Company: Moonshot AI (became China's fastest decacorn in 2026) Key models: Kimi K2.5, Kimi k1.5 License: Some models open-weight Access: API, kimi.ai

Kimi K2.5 might be the most interesting Chinese model you haven't heard of. It supports 262K context, has tool-use capabilities, and features an "Agent Swarm" system that spins up 100 parallel sub-agents using a technique called PARL.

Moonshot became China's fastest decacorn — their 20-day revenue after K2.5 launched exceeded their entire 2025 total. That's the kind of growth that gets attention.

Best for: Agent-based applications, tool-use workflows, long-context tasks.

MiniMax

Company: MiniMax (IPO'd on HKEX January 9, 2026) Key models: MiniMax-M2.5, MiniMax-M1 License: Modified MIT Access: API, Hugging Face

MiniMax-M2.5 is the model that made people do a double take: it scores 80.2% on SWE-Bench and matches Claude Opus on several benchmarks — at approximately 1/20th the cost. Released under a modified MIT license on Hugging Face.

The cost efficiency is the headline, but the model quality is the story. MiniMax went from relatively unknown to HKEX-listed in under a year.

Best for: Cost-sensitive production deployments, coding tasks, teams that need Claude-level quality without Claude-level pricing.

StepFun

Company: StepFun (seeking HKEX IPO) Key models: Step 3.5 Flash, Step 3 License: Apache 2.0 Access: API, Hugging Face, NVIDIA NIM

StepFun 3.5 Flash is an efficiency story. It's a 196B MoE model with only 11B active parameters per token — meaning it runs fast and cheap while scoring 97.3% on AIME 2025 and 74.4% on SWE-bench. All under Apache 2.0.

This is the model that makes the MoE architecture click: you get big-model quality with small-model speed. StepFun is reportedly seeking an HKEX IPO, continuing the trend of Chinese AI companies listing in Hong Kong.
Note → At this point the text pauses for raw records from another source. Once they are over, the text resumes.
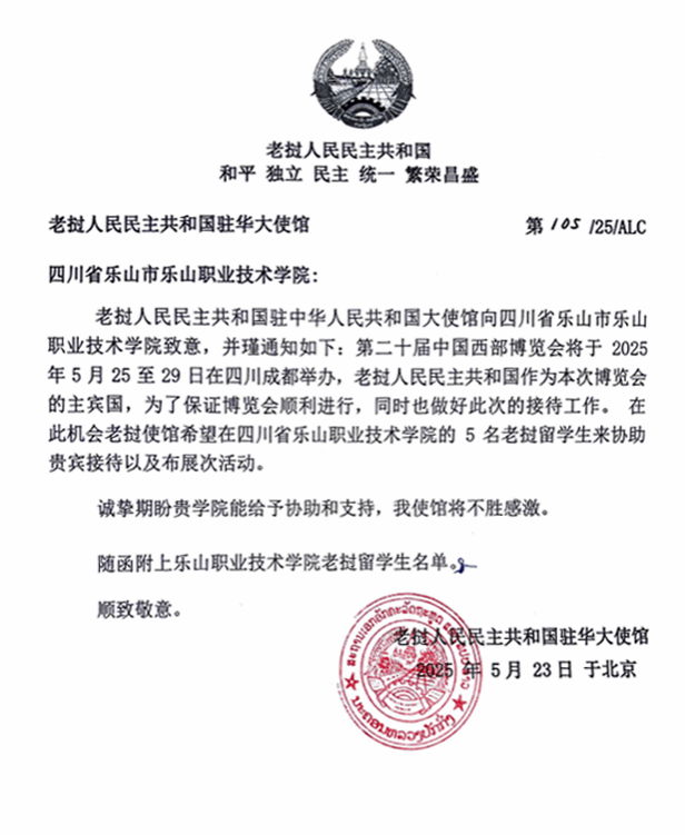 近日,BV伟德官方网站收到老挝人民民主共和国驻华大使馆发来的正式函件,专程邀请伟德官网5名优秀的老挝籍留学生,参与5月25日-29日第二十届中国西部国际博览会的贵宾接待与展馆布展工作。这封特殊的邀请函,标志着BV伟德官方网站在澜湄区域国际化人才培养领域获得官方认可,成为四川省首个获老挝驻华使馆专项邀约参与国家级展会服务的高职院校。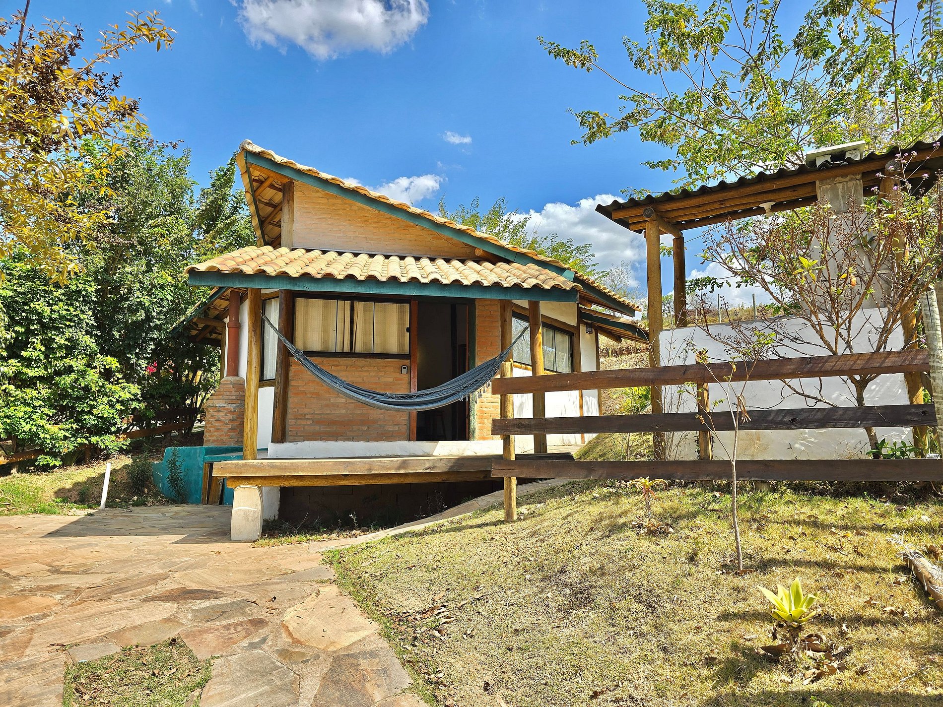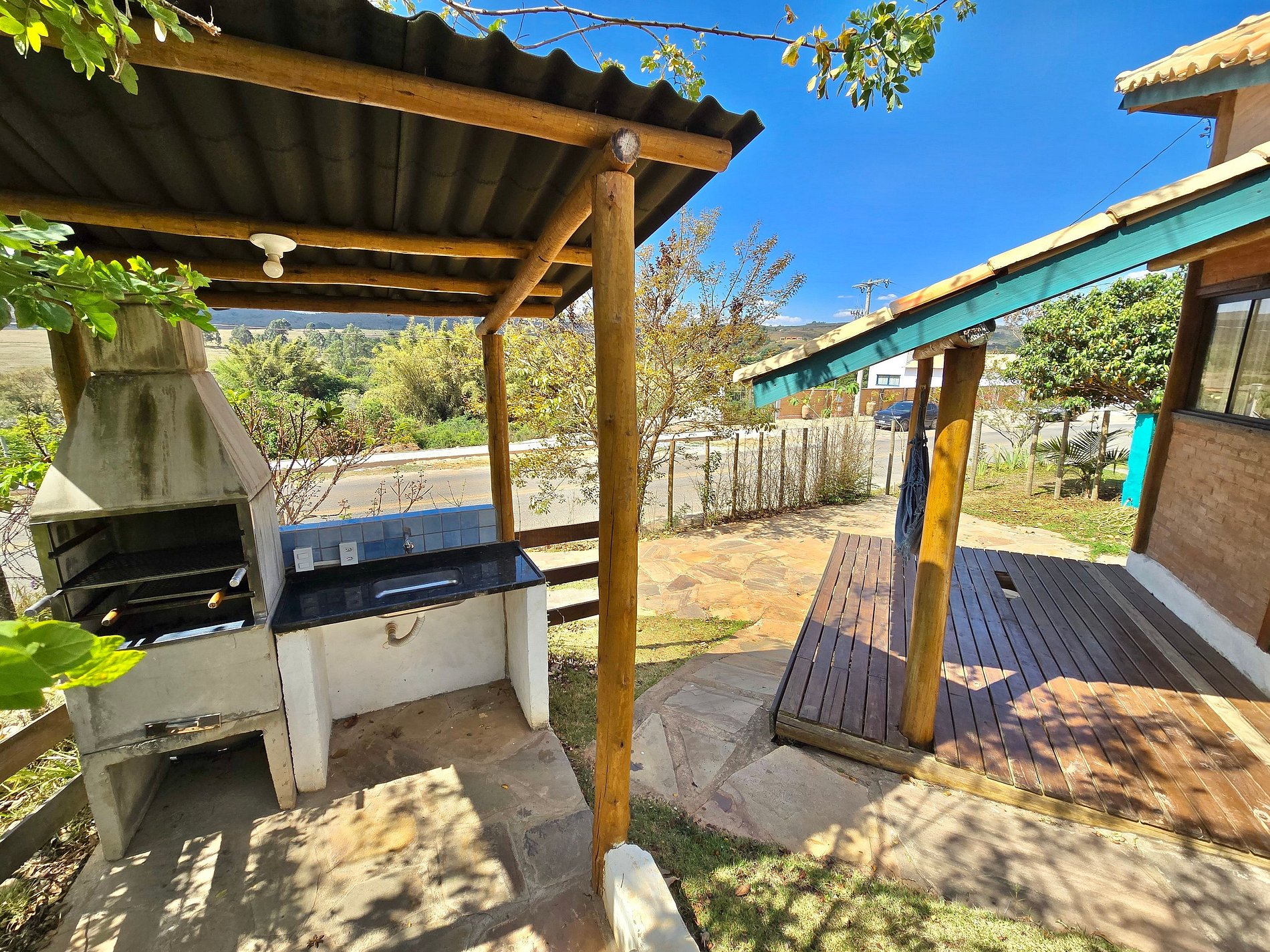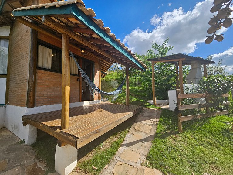 Nosso chalé possui banheiro, frigobar, varanda com rede, garagem, cozinha equipada, churrasqueira, WI-FI de alta velocidade e TV de tela plana com serviços de streaming.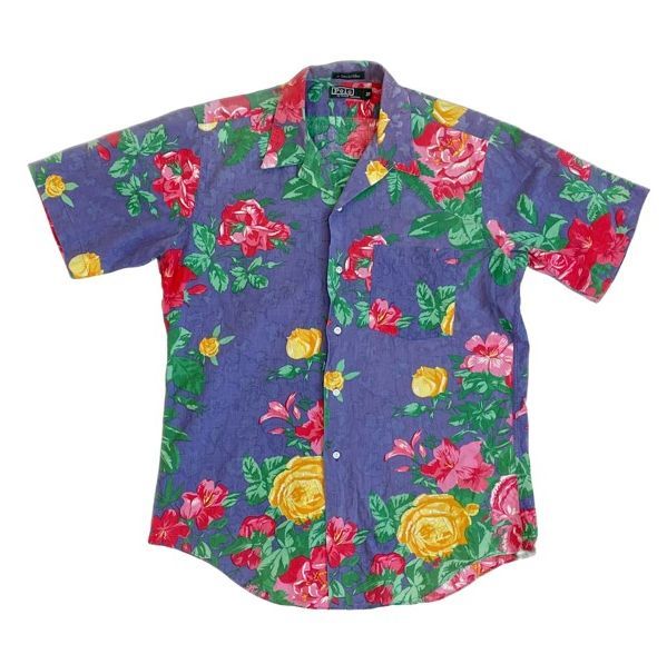 - 90's 米国製 MADE IN USA ラルフローレン Polo Ralph Lauren コットン アロハ 開襟 オープンカラー シャツ 花柄 ボーイズ20 [ta-0473]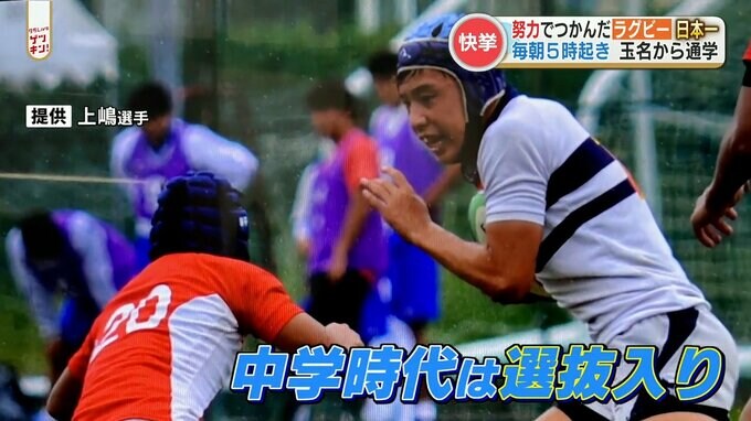 高校ラグビーで最高の結果を残した上嶋選手(大会最多8トライ)。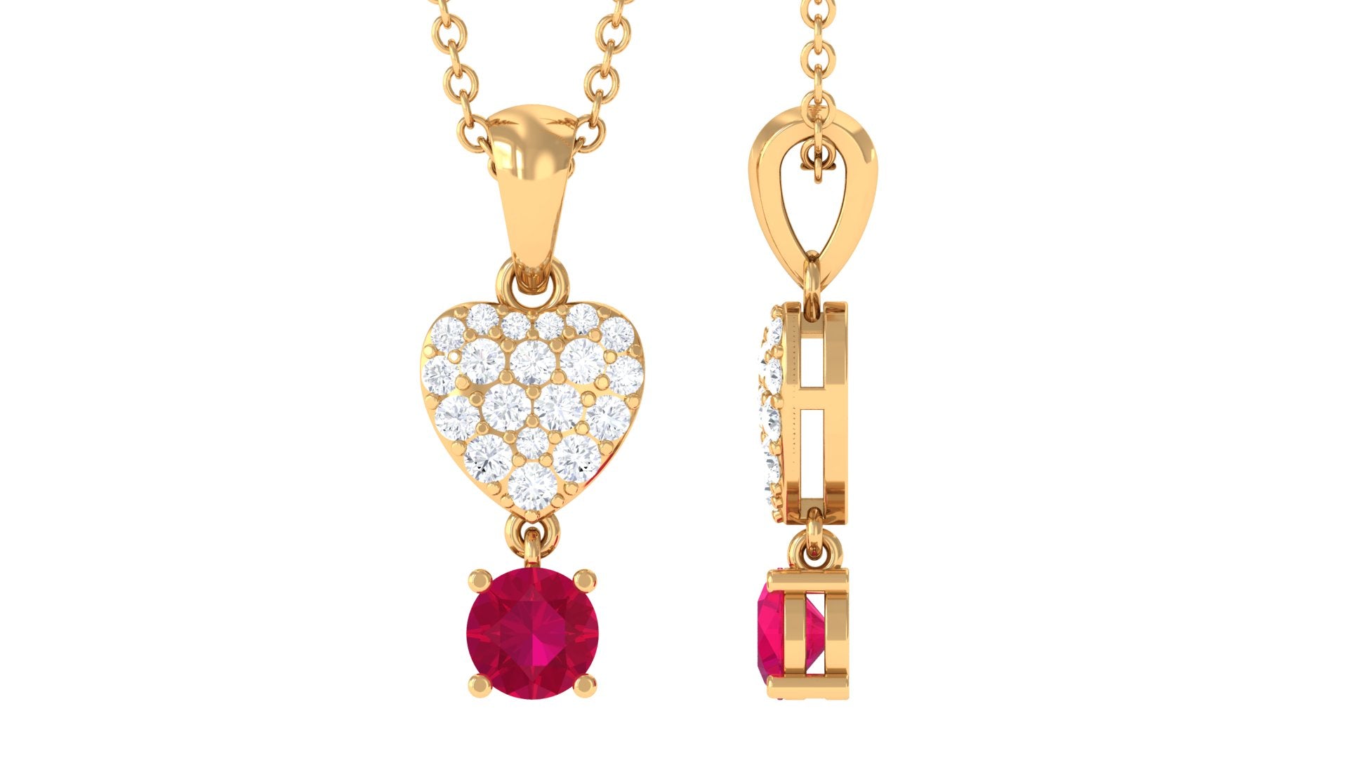Elevate your style with this exquisite pendant featuring a Ruby drop and a heart-shaped design adorned with pave-set Diamond. The vibrant red hue of the Ruby combined with the sparkling brilliance of the Diamond creates a captivating and romantic piece that is sure to make a statement.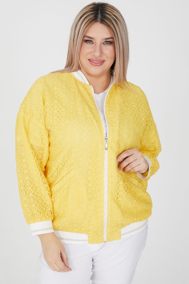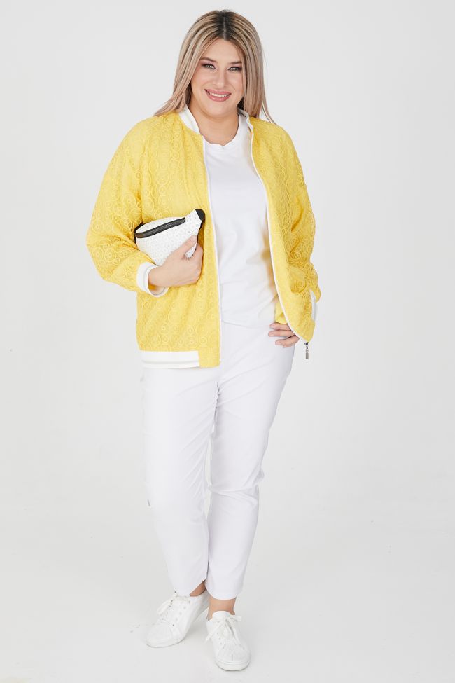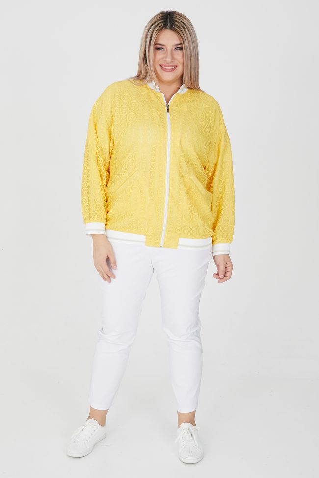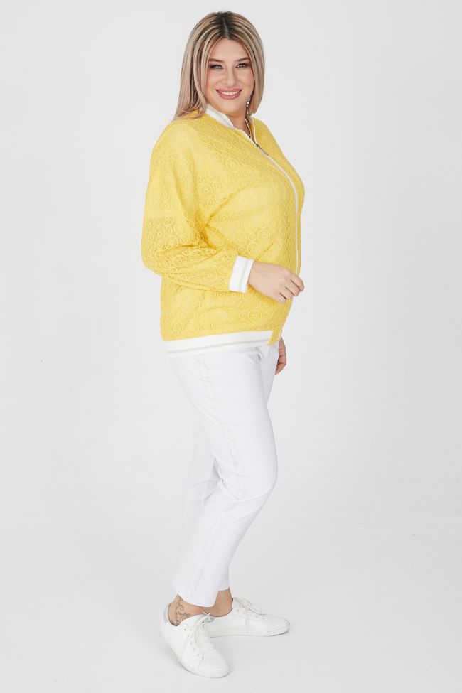 желтый Яркий жакет прилегающего силуэта из кружевного  полотна на подкладке из шифона. Круглый вырез горловины с воротником - стойка. В виде отделки: по манжетам рукава, воротнику и низу изделия - подвязы. Длинные рубашечные рукава на спущенной пройме оканчиваются эластичными манжетами. Модель с центральной застежкой на тесьму - молнию. По переду прорезные наклонные карманы с листочкой. Стильный жакет станет отличным дополнением элегантных комплектов одежды, а яркий цвет подарит солнечное настроение на весь день!

Best for: Latency-sensitive applications, cost-efficient deployment, math and coding tasks.

SenseTime (SenseNova)

Company: SenseTime (headquartered in Hong Kong, listed on HKEX) Key models: SenseNova V6, SenseNova-MARS, SenseNova-SI License: Partially open source Access: API, some models on Hugging Face

SenseTime is Hong Kong's own AI giant — headquartered here and listed on HKEX with a ~$7.7B market cap. SenseNova V6 is their flagship (620B hybrid expert architecture). SenseNova-MARS (multimodal autonomous reasoning, open source) and SenseNova-SI (spatial intelligence, open source) target specific application domains.

Best for: Computer vision, spatial intelligence, teams that want to work with an HK-headquartered company.

How to Choose

The right model depends on your setup and what you're building:

  • -Using Cursor? Auto mode handles model routing. Some developers prefer Sonnet for quality but watch token usage.
  • -Using OpenCode? As of March 2026, MiniMax M2.5 is available free.
  • -Building bilingual products? Qwen 3.5 has strong multilingual support across 201 languages. See 8BitOracle and SixLines for HK-built examples.
  • -Optimizing for speed and cost? StepFun 3.5 Flash — frontier accuracy at a fraction of the cost.
  • -Building agent systems? Kimi K2.5 with its PARL agent swarm architecture.
  • -Want an HK-based provider? SenseTime SenseNova.
  • -On OpenRouter? Models rotate — check what's available. Pony Alpha (GLM-5) was previously a strong option.

The models are competitive. The licensing is permissive. And none of them will block you because of where you live.